Люди пришли для того, чтобы их развлекли. Чтобы посмеяться над дремучей шуткой или предаться счастливой меланхолии под воздействием слащавого стихотворения. Если бы Унтан ограничился своими фокусами, простреленной картой и скрипкой, на которой играл ногами, все это сошло бы за развлечение. Но нет, этот идиот решил
— У вас тоже может получиться, мои дорогие военные товарищи. Вы только должны поверить в себя.
„Шмяк“, — как говорят в театре.
Они его не освистали, нет. Столько энергии в них не скопилось. Когда он благополучно довел до конца свое пиликанье, пара-тройка зрителей даже похлопала. Ассистентка сорвала значительно больше аплодисментов. Она-то была по крайней мере хорошенькая.
Унтан не догадался о собственном провале. Для этого он был слишком тщеславен.
— Вы заметили, как тихо было в зале? — спросил он меня потом. — Люди всегда притихают, когда заденешь их за живое.
Жаль, что он уехал еще до ужина. Я бы усадил его рядом с солдатом с ампутированными руками, которому еду приходилось класть в рот кусок за куском.
— Хорошо этому подлецу, — сказал мне калека. — Он-то родился сразу без рук. А я-то часовщик.
Неужто я Унтан? Неужто Алеман? Неужто и я готов продаться?
Если бы жизнь была счетом, бухгалтерией с чистыми колонками слева и справа, приход и расход, выигрыши и потери, черные чернила, красные чернила, мне бы не пришлось долго раздумывать. Тогда было бы ясно, что мне делать. Мораль — это всегда плохая инвестиция. Вот клиент, а я товар. Побитый и с мелкими недочетами. Но все еще ликвидный. Не случайно я живу в борделе.
Почему бы мне не решиться на это и не признаться себе в поражении?

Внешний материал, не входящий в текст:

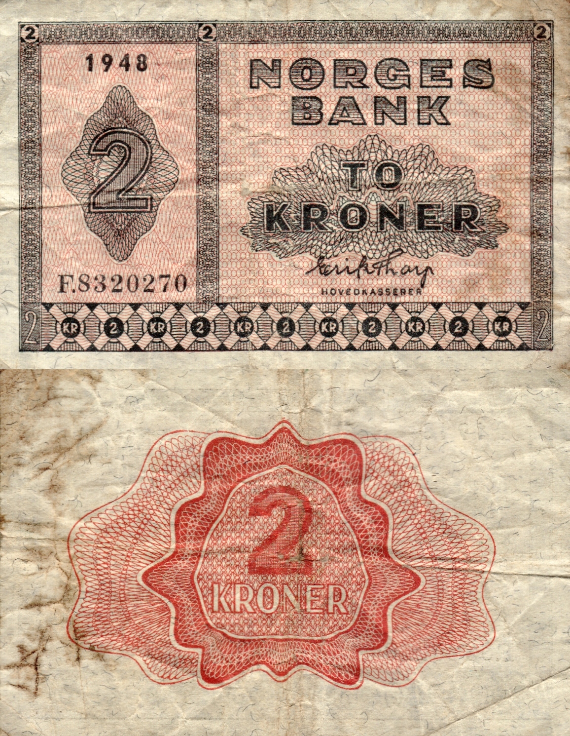# НОРВЕГІЯ - 2 КОРОНИ - 1948 - P-16b - F+
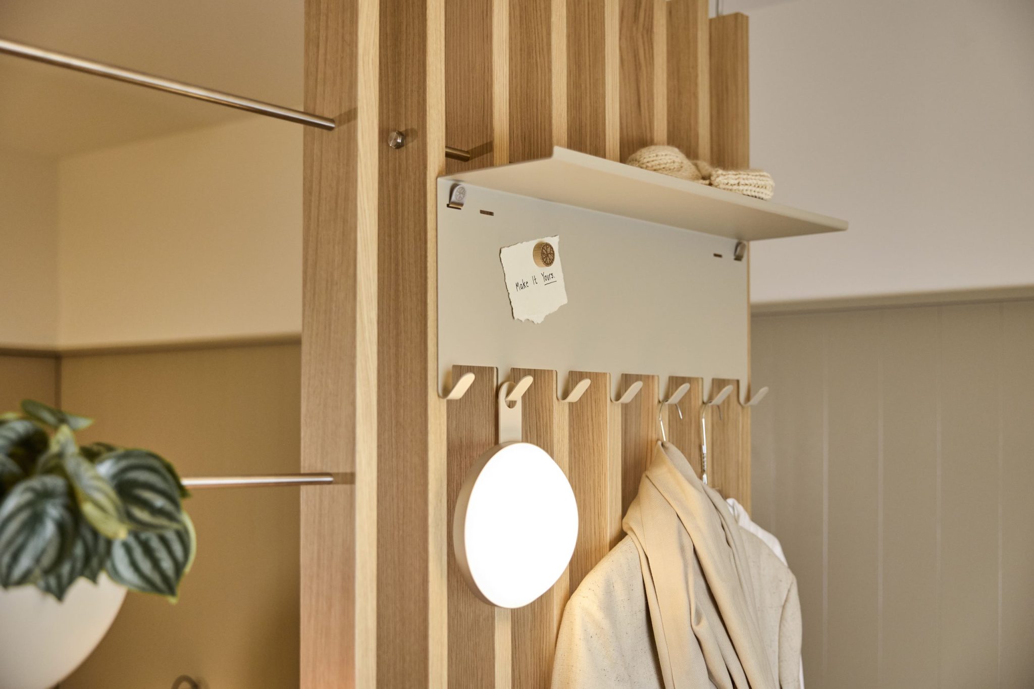 Knaggrekken forvandler BM1 til en nyttig hverdagsområde. Den holder ting unna stoler og gulv og gjør det enkelt å henge opp ting så snart du kommer inn.
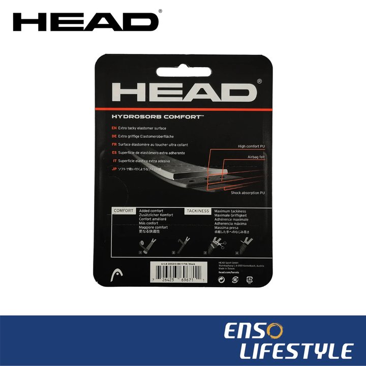 Thanks to its thickness, the HYDROSORB COMFORT replacement grip and its increased cushioning provides dampening and ultimate comfort, whilst protecting your arms. Available in black or white, the COMFORT provides the same typical firm grip than the rest of the family.

Если я этого не сделаю, похвалить меня будет не за что. Не бывает аплодисментов за то, что ты с особой элегантностью сел в поезд на Освенцим. Никакого лаврового венка и вдохновенных отзывов в прессе. Никаких криков „браво“. Все будут только рады, что это я стою в списке, а не они.
Алеман в войну каждый день спал в кровати. У Унтана был автомобиль с шофером. Если им и было порой совестно, то стыдились они хотя бы в комфорте.
Но им не было совестно.
С чего бы?
У меня для этого куда больше оснований, чем у них. Куда больше. Из Освенцима еще никто не возвращался. Я не хочу в этот поезд.
„Мы едем на поезде, чух-чух, на поезде, — распевал дедушка, — мы едем на поезде, кто с нами в путь?“
Я не хочу с ними в путь.
Не хочу.
Если бы можно было стать мертвым, не умерев перед этим. Это была бы альтернатива.
Никто не может меня упрекнуть. Они бы сами это сделали. Все.
Большинство.
Я не герой. Ни на сцене, ни в жизни. Я характерный актер. Тот, кто перед другими изображает определенный типаж.
Это моя профессия — снимать фильмы. Мое ремесло. Если кто врач, так он и работает в больнице. Если кто сапожник…
Это не то же самое.
Рам требует от меня, чтобы я помог ему во лжи. Ни секунды не сомневается, что я это сделаю. Он всемогущ. Властелин над жизнью и смертью.
Я не хочу умирать.
— Есть вещи похуже презрения, — сказала Ольга. — Может быть, — сказала она, — война кончится раньше. — Она действительно так думает или хочет приоткрыть мне дверку, через которую я ускользну и смогу спастись?